= LNB Élite Awards =

Basketball awards

The LNB Élite Awards are the individual awards of the top-tier level men's professional club basketball league in France, the LNB Élite. Maxi-Basket holds the vote, and calls it the referendum. The distinction of the Coach of the Year is awarded by the Coaches' Basketball Union.

==Player of the Year awards (before 1983)==
Before 1983, the title of the best player in the league was sometimes assigned by a panel of journalists, but the charts are incomplete.
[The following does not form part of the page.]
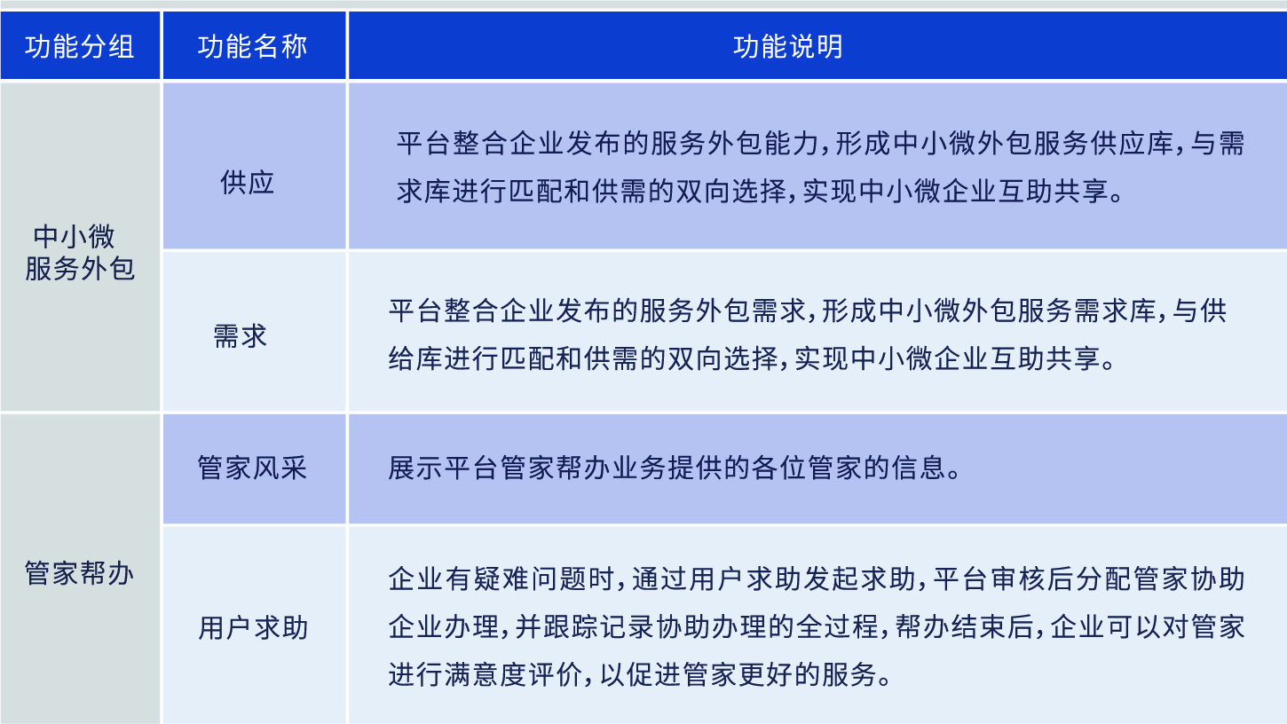 提供中小微企業(yè)供需發(fā)布平臺,實(shí)現(xiàn)供需精準(zhǔn)匹配和雙向選擇,促進(jìn)中小微企業(yè)的互助共享,降低中小微企業(yè)投入成本。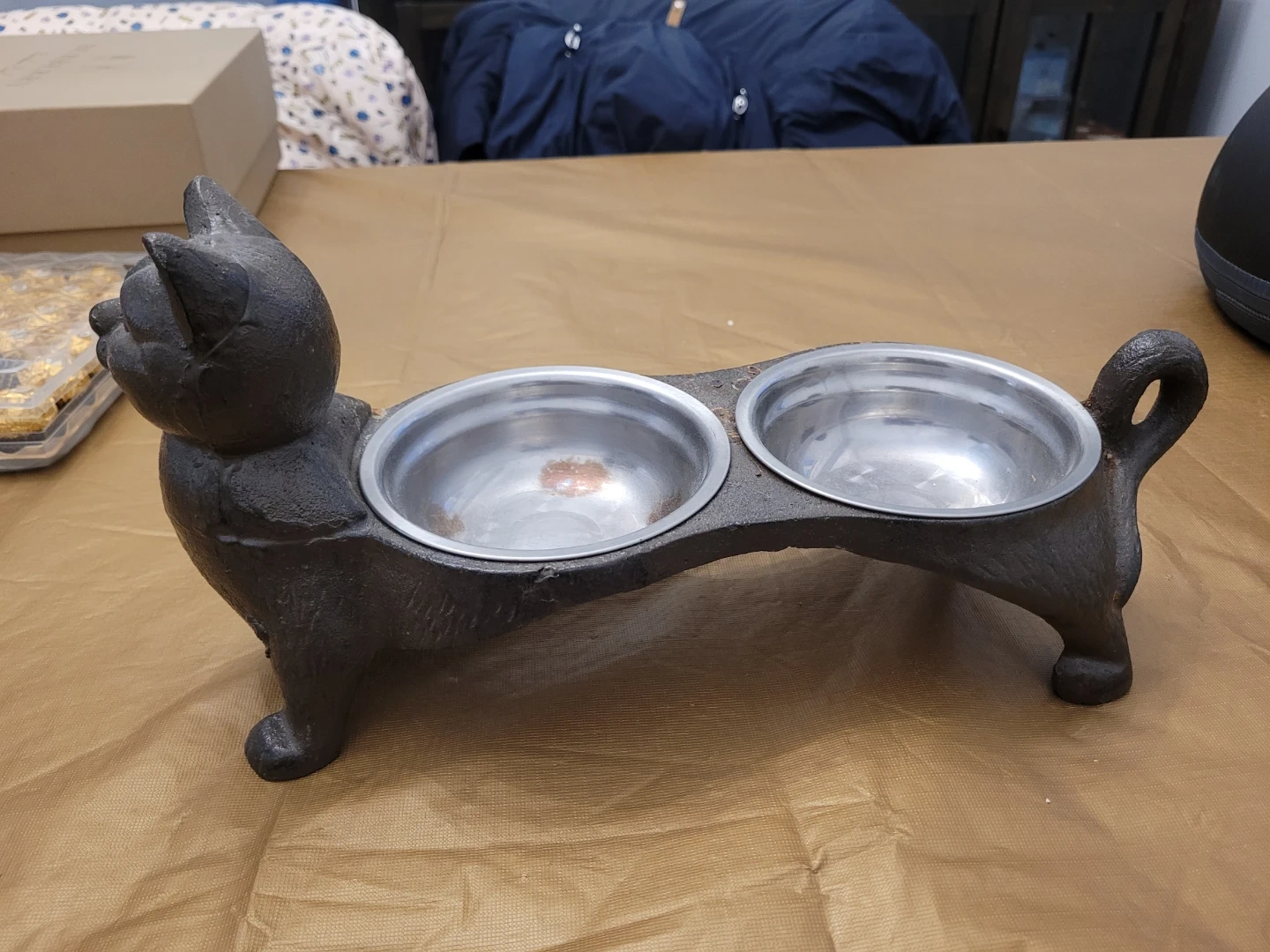 Buy & SellCast Iron Cat Double Pet BowlCast Iron Cat Double Pet Bowl$32Great condition Minor discoloring on one of the stainless steel bowls WHERE TO MEETCheck LocationView MapSELLERverifiedJasmine zhangNewmarket Clearmeadow650 reviews0 chats·2 favorites·13 viewsSEND CHAT TO SELLERHi Jasmine zhang! I’m interested in your listing.Hi Jasmine zhang! I’m interested in your listing.Get the Karrot app to chatSign In to chat

- Jean Degros (Denain) was voted the best player of the year in the 1962–63 season.
- Alain Gilles (ASVEL) was voted the best player of the year in the 1964–65, 1966–67, and 1967–68 seasons.
- Michel Le Ray (ABC Nantes) was voted the best player of the year in the 1965–66 season.
- Pierre Galle (AS Berck) was voted the best player of the year in the 1972–73 and 1973–74 seasons.

==Awards (since 1983)==
Between 1983 and 2005, the monthly Maxi-Basket conducted a vote of the players and head coaches of the league. Since 2005, the coaches and captains of the LNB Élite clubs, and a panel of fifty journalists are asked to vote. Since the 2014–15 LNB Pro A season, the MVP award is a single unified award. Prior to that, it was divided into two separate awards, one for French players, and one for non-French players.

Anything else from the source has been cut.